### Work task:
What is needed is a word-for-word transcript of the listing, free of pictures.
------ The data ------
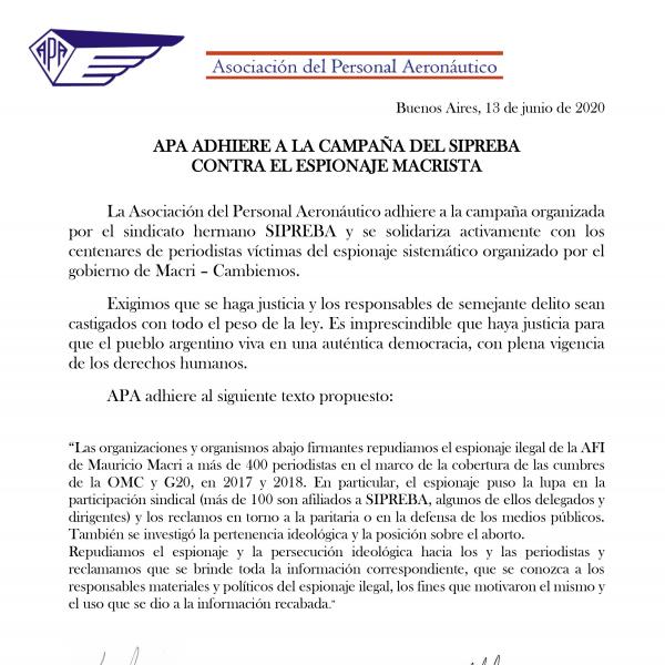 APA ADHIERE A LA CAMPAÑA DEL SIPREBA CONTRA EL ESPIONAJE MACRISTA
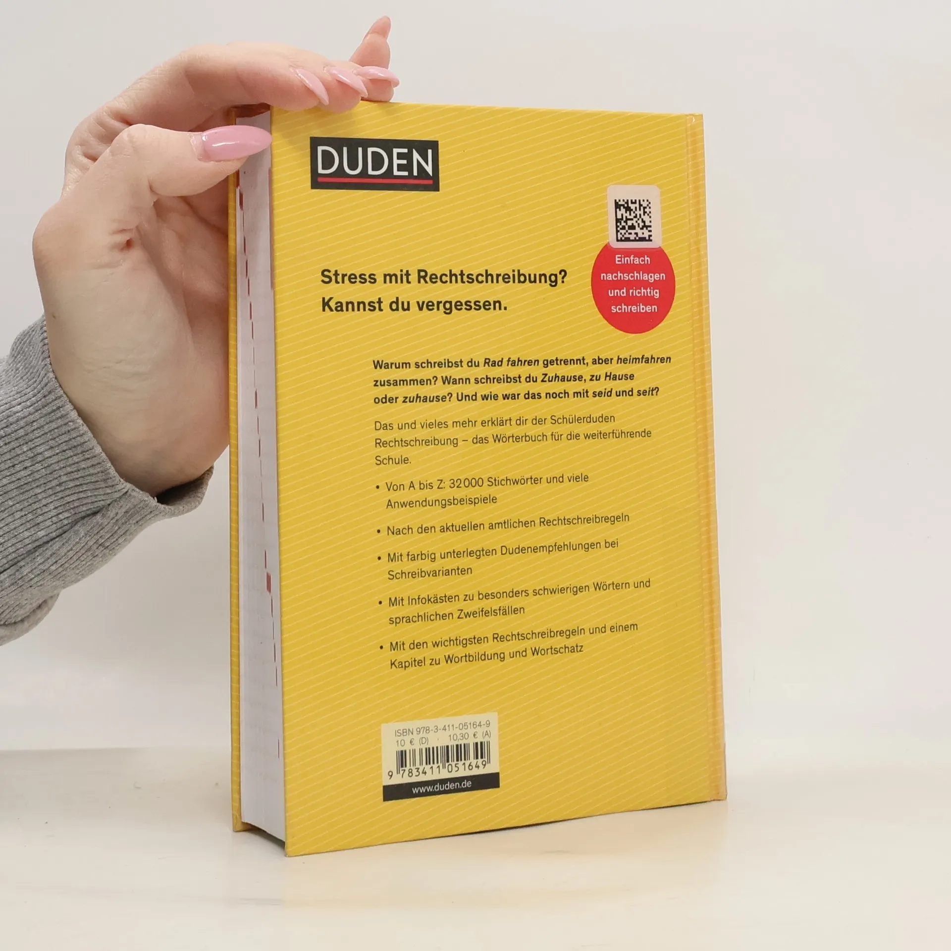 Einfach nachschlagen und richtig schreiben - mit dem Standardwörterbuch für die weiterführende Schule. - Von A bis Z: 32.000 Stichwörter, davon 800 Neuaufnahmen, u. a. aus Schul- und Unterrichtssprache; viele Anwendungsbeispiele, grammatische Angaben und Bedeutungserläuterungen - Nach den aktuellen amtlichen Rechtschreibregeln - Mit farbig unterlegten Dudenempfehlungen bei Schreibvarianten - Mit Infokästen zu besonders schwierigen Wörtern und sprachlichen Zweifelsfällen - Mit den wichtigsten Rechtschreibregeln und einem Kapitel zu den verbindlichen Lehrplanthemen Wortbildung, Wortfamilien und Wortschatz Extra: Lehrerhandreichung zum Downloaden
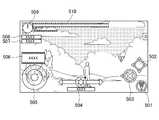 ボタン表示型のユーザ・インターフェイスでは、図9に示すように、入力用のボタンや十字キーの他入力イベントに関連する各種特定表示501乃至510が、主要な画像(人や風景の画像)の上に重畳表示される。そして、ボタンを示す特定表示501や十字キーを示す特定表示502等の限られた場所に、プレイヤーの指がタッチされた場合にのみ、入力イベントが検出される。  In the button display type user interface, as shown in FIG. 9, various
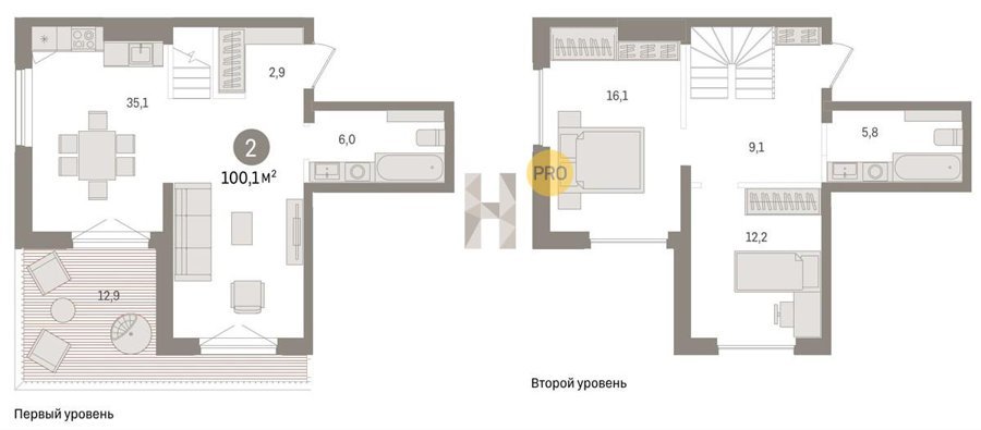 Площадь от 120.1 м2
------
### Expected answer:
 APA ADHIERE A LA CAMPAÑA DEL SIPREBA CONTRA EL ESPIONAJE MACRISTA
 Einfach nachschlagen und richtig schreiben - mit dem Standardwörterbuch für die weiterführende Schule. - Von A bis Z: 32.000 Stichwörter, davon 800 Neuaufnahmen, u. a. aus Schul- und Unterrichtssprache; viele Anwendungsbeispiele, grammatische Angaben und Bedeutungserläuterungen - Nach den aktuellen amtlichen Rechtschreibregeln - Mit farbig unterlegten Dudenempfehlungen bei Schreibvarianten - Mit Infokästen zu besonders schwierigen Wörtern und sprachlichen Zweifelsfällen - Mit den wichtigsten Rechtschreibregeln und einem Kapitel zu den verbindlichen Lehrplanthemen Wortbildung, Wortfamilien und Wortschatz Extra: Lehrerhandreichung zum Downloaden
 ボタン表示型のユーザ・インターフェイスでは、図9に示すように、入力用のボタンや十字キーの他入力イベントに関連する各種特定表示501乃至510が、主要な画像(人や風景の画像)の上に重畳表示される。そして、ボタンを示す特定表示501や十字キーを示す特定表示502等の限られた場所に、プレイヤーの指がタッチされた場合にのみ、入力イベントが検出される。  In the button display type user interface, as shown in FIG. 9, various
 Площадь от 120.1 м2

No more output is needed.